In Calcutta there are about 200 charitable organisations helping the poor. Mother Teresa’s Missionaries of Charity are not amongst the biggest helpers: that contradicts the image of the organisation. The name “Mother Teresa” was and is tied to the city of Calcutta. All over the world admirers and supporters of the Nobel Prize winner believe that it must be there that her organisation is particularly active in the fight against poverty. “All lies,” says Aroup Chatterjee ( truthweb@writeme.com . The doctor who lives in London was born and brought up in Calcutta. Chatterjee who has been working for years on a book on the myth of Mother Teresa, speaks to the poor in the slums of Calcutta, or combs through the speeches of the Nobel Prize winner. “No matter where I search, I only find lies. For example the lies about schools. Mother T has often stated that she runs a school in Calcutta for more than 5000 children. 5000 children! — that would have to be a huge school, one of the biggest in all of India. But where is this school? I have never found it, nor do I know anybody who has seen it!” says Chatterjee.
Compared to other charitable organisations in Calcutta, the nuns with the 3 blue stripes are ahead in two respects: they are world famous, and, they have the most money. But how much exactly, has always been a closely guarded secret of the organisation. Indian law requires charitable organisations to publish their accounts. Mother Teresa’s organisation ignores this prescription! It is not known if the Finance Ministry in Delhi who would be responsible for charities’ accounts, have the actual figures. Upon STERN’s inquiry, the Ministry informed us that this particular query was listed as “classified information”.

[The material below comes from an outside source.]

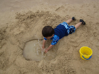 The little guy also took much pleasure in heaping gobs of wet sand back out into the water.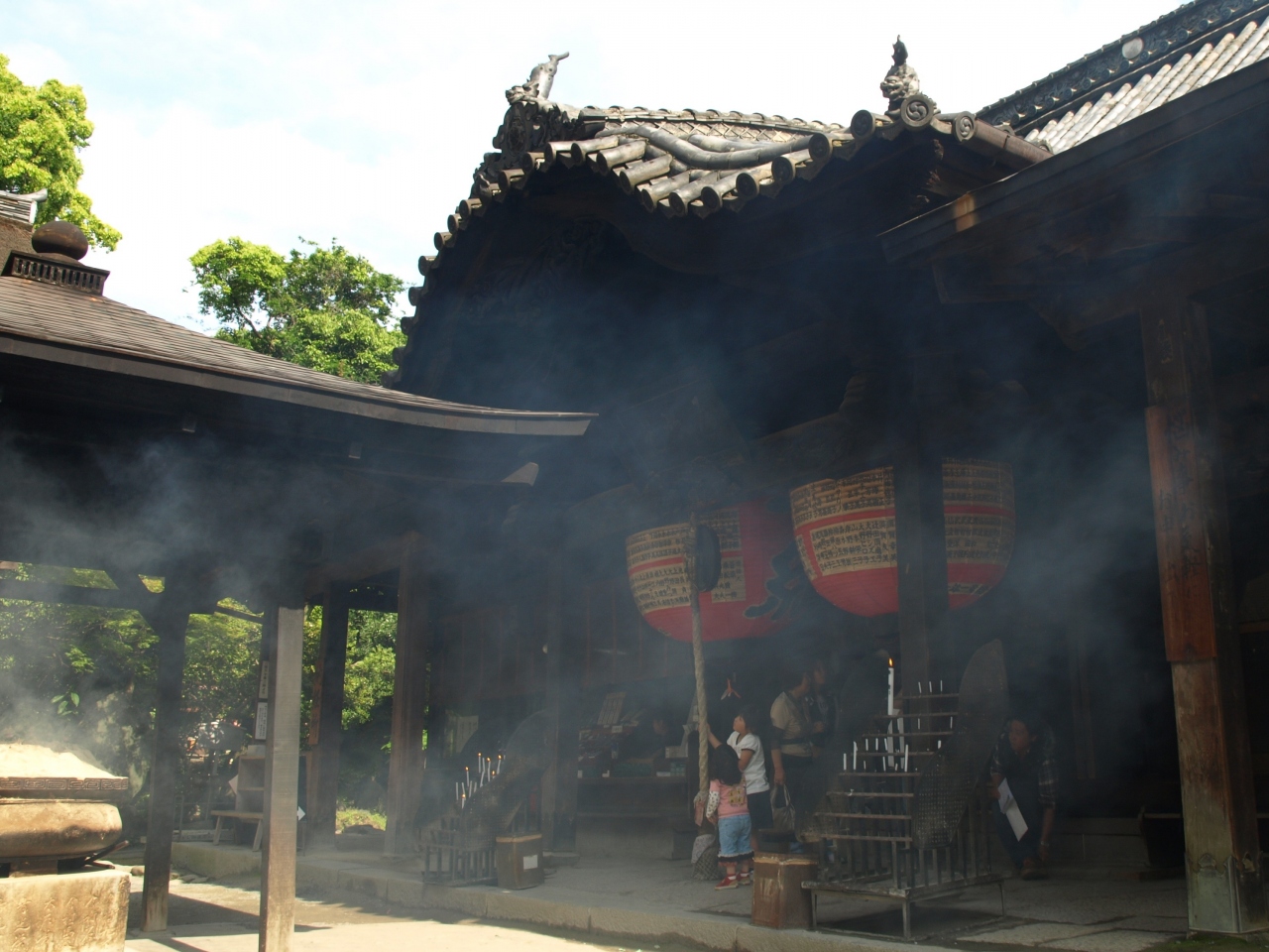 巡礼者よりも地元のお大師さん信者や観光客が多い霊場だそうです。その理由としては、境内ほとんどの堂塔が国宝、国の重要文化財に指定されている壮観さで、それに寺宝を常時展示している宝物館を備えており、四国霊場では随一ともいえる文化財の寺院だからといいます。国宝の二王門は文保2年(1318)の建立、二層入母屋造り本瓦葺き。重要文化財には本堂をはじめとして、三重塔、鐘楼、五輪塔、訶梨帝母天堂、護摩堂の建造物と、愛媛県最古の銅鐘があります。

The organisation has 6 branches in Germany. Here too financial matters are a strict secret. “It’s nobody’s business how much money we have, I mean to say how little we have,” says Sr Pauline, head of the German operations. Maria Tingelhoff had had handled the organisation’s book-keeping on a voluntary basis until 1981. “We did see 3 million a year,” she remembers. But Mother Teresa never quite trusted the worldly helpers completely. So the sisters took over the financial management themselves in 1981. “Of course I don’t know how much money went in, in the years after that, but it must be many multiples of 3 million,” estimates Mrs Tingelhoff. “Mother was always very pleased with the Germans.”
Perhaps the most lucrative branch of the organisation is the “Holy Ghost” House in New York’s Bronx. Susan Shields served the order there for a total of nine and a half years as Sister Virgin. “We spent a large part of each day writing thank you letters and processing cheques,” she says. “Every night around 25 sisters had to spend many hours preparing receipts for donations. It was a conveyor belt process: some sisters typed, others made lists of the amounts, stuffed letters into envelopes, or sorted the cheques. Values were between $5 and $100.000. Donors often dropped their envelopes filled with money at the door. Before Christmas the flow of donations was often totally out of control. The postman brought sackfuls of letters — cheques for $50000 were no rarity.” Sister Virgin remembers that one year there was about $50 million in a New York bank account. $50 million in one year! — in a predominantly non-Catholic country. How much then, were they collecting in Europe or the world? It is estimated that worldwide they collected at least $100 million per year — and that has been going on for many many years.